Finally, let’s create a test for the following resource:

service 'httpd' do
  action [:start, :enable]

Create a default_spec.rb file inside my_first_cookbook\test\unit with this content:

describe 'my_first_cookbook::default' do
  let(:chef_run) { ChefSpec::SoloRunner.converge(described_recipe) }

  subject { chef_run }

  it { enable_service('httpd') }
  it { start_service('httpd') }

It looks remarkably like English, doesn’t it? We are describing my_first_cookbok´s default recipe. We are simulating a node’s convergence by faking a chef_run, i.e., faking Chef’s execution of a recipe on a node. We are also telling ChefSpec that the subject of our test is the chef_run. We close the description by telling that we are expecting that the chef_run enabled and started the httpd service upon the convergence.

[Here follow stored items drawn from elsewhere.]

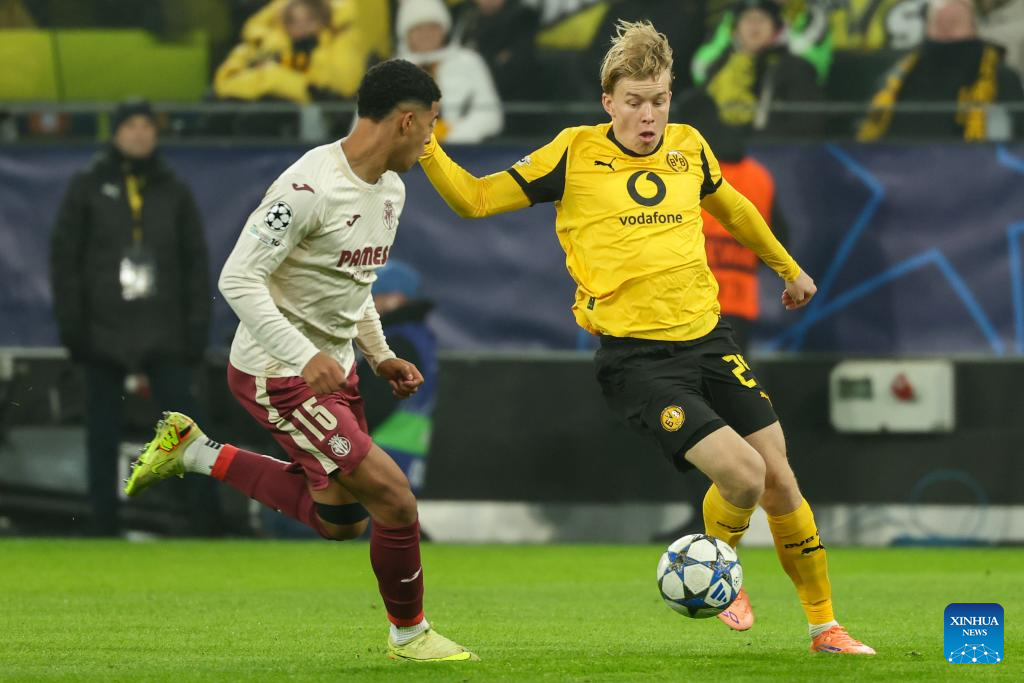 Daniel Svensson (R) of Borussia Dortmund vies with Santiago Mourino of Villarreal CF during the UEFA Champions League group stage 5th round match between Borussia Dortmund and Villarreal CF in Dortmund, Germany, Nov. 25, 2025. (Photo by Joachim Bywaletz/Xinhua)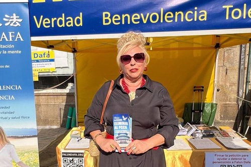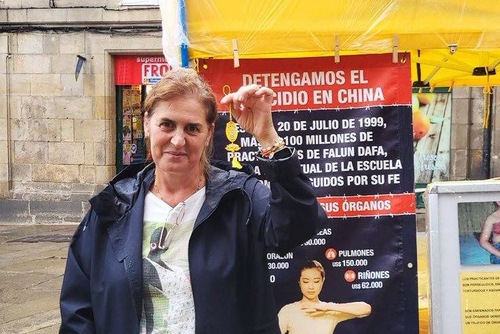 Cristina, who lives in Galicia, told a practitioner that she was very interested in qigong and Tai Chi, “But in the 1990s, no one in Spain taught qigong.” She confirmed with the practitioner that Falun Gong is Falun Dafa. During a trip to China eight years ago, she heard about Falun Gong from a practitioner that the CCP regime doesn’t allow the existence of spiritual faith. So when she saw the pictures on the display boards showing practitioners being brutally persecuted by the CCP, she immediately signed the petition to support their efforts to expose the persecution.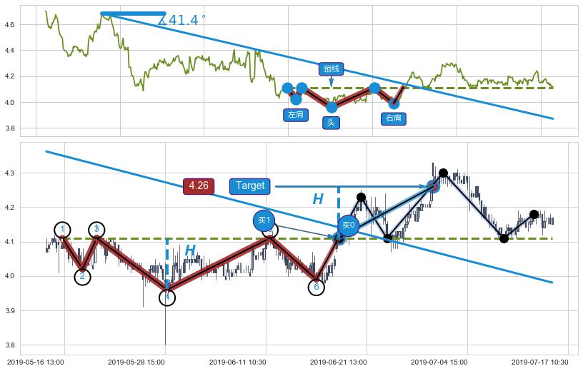 ➣ 最小反转涨幅→𝐇: 0.150000 (头部与颈线垂直距离)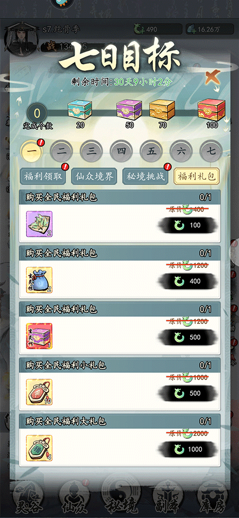 (3)七日目标和冲榜礼包中也有灵药以及材料,要注意购买。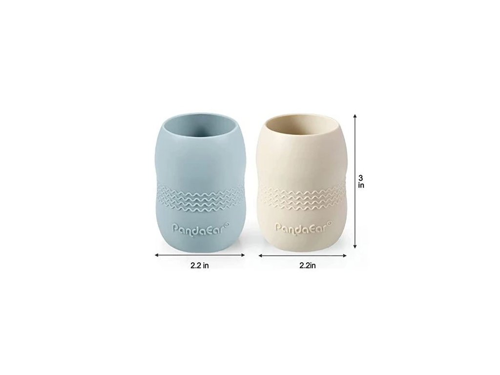 Sada na krmení pro batolata od značky PandaEar, která obsahuje dva talíře, dva hrníčky, dvě lžíce a dvě vidličky.

It is important to note that enable_service and start_service are matchers defined by ChefSpec. They are the ones that allow us to assert facts about the recipe’s execution. As always, we can define our own custom matchers, but ChefSpec already includes the most common ones.

If we execute chef exec rake, we’ll get this output:

  should enable service "httpd"
  should start service "httpd"

Finished in 0.0803 seconds (files took 6.42 seconds to load)
2 examples, 0 failures

ChefSpec Coverage report generated...

  Total Resources:   3
  Touched Resources: 1
  Touch Coverage:    33.33%

Untouched Resources:

  package[httpd]                     my_first_cookbook/recipes/default.rb:1
  file[/var/www/html/index.html]     my_first_cookbook/recipes/default.rb:7

You’ll notice that at the start of the output we have English-like sentences. They are directly derived from the tests and can be seen as a specification of what the recipe is supposed to do.

Due to the way Chef works internally, it is not possible to use regular code coverage tools as Seth Vargo, ChefSpec’s author explains. So ChefSpec provides something a bit less exhaustive: resource coverage. We see from the output that the recipe contains three resources, but the tests only touched one. How much coverage is enough? Try to reach at least 80%.

Our cookbook in the real world

Ok, it’s time to exercise our recipe in the real world and do some integration testing. This kind of testing should not find a lot of surprises, if two conditions are met. First, we know how the resources our recipes are using behave in the platform we’re targeting. Second, we’ve written a good set of ChefSpec tests, meaning they cover all the different configuration scenarios our recipes are supposed to handle. With integration testing, running times get an order of magnitude slower, so the more we can do at the unit testing level, the better. But integration testing is where the rubber hits the road. Integration testing allows us to exercise our recipes against real (ok, most likely virtual…) machines.

Integration testing significantly increases the complexity of our infrastructure. Which operating systems do we have to support? Do we support Linux and Windows? Where are our nodes? In the cloud (AWS, Digital Ocean, Azure)? On-premises (e.g.: managed by VMWare’s vSphere)? How many server roles do we have? It quickly gets very complicated.

Fortunately, clever people already grappled with this problem. According to its authors:

Test Kitchen is a test harness tool to execute your configured code on one or more platforms in isolation. A driver plugin architecture is used which lets you run your code on various cloud providers and virtualization technologies such as Amazon EC2, Blue Box, CloudStack, Digital Ocean, Rackspace, OpenStack, Vagrant, Docker, LXC containers, and more. Many testing frameworks are already supported out of the box including Bats, shUnit2, RSpec, Serverspec, with others being created weekly.

So, Test Kitchen is our friend. The idea behind it is very simple. It’s easier to understand it with an example. Our cookbook root directory contains a .kitchen.yml file that looks like this:

  name: vagrant

  name: chef_zero

  - name: ubuntu-12.04
  - name: centos-6.4

  - name: default
      - recipe[my_first_cookbook::default]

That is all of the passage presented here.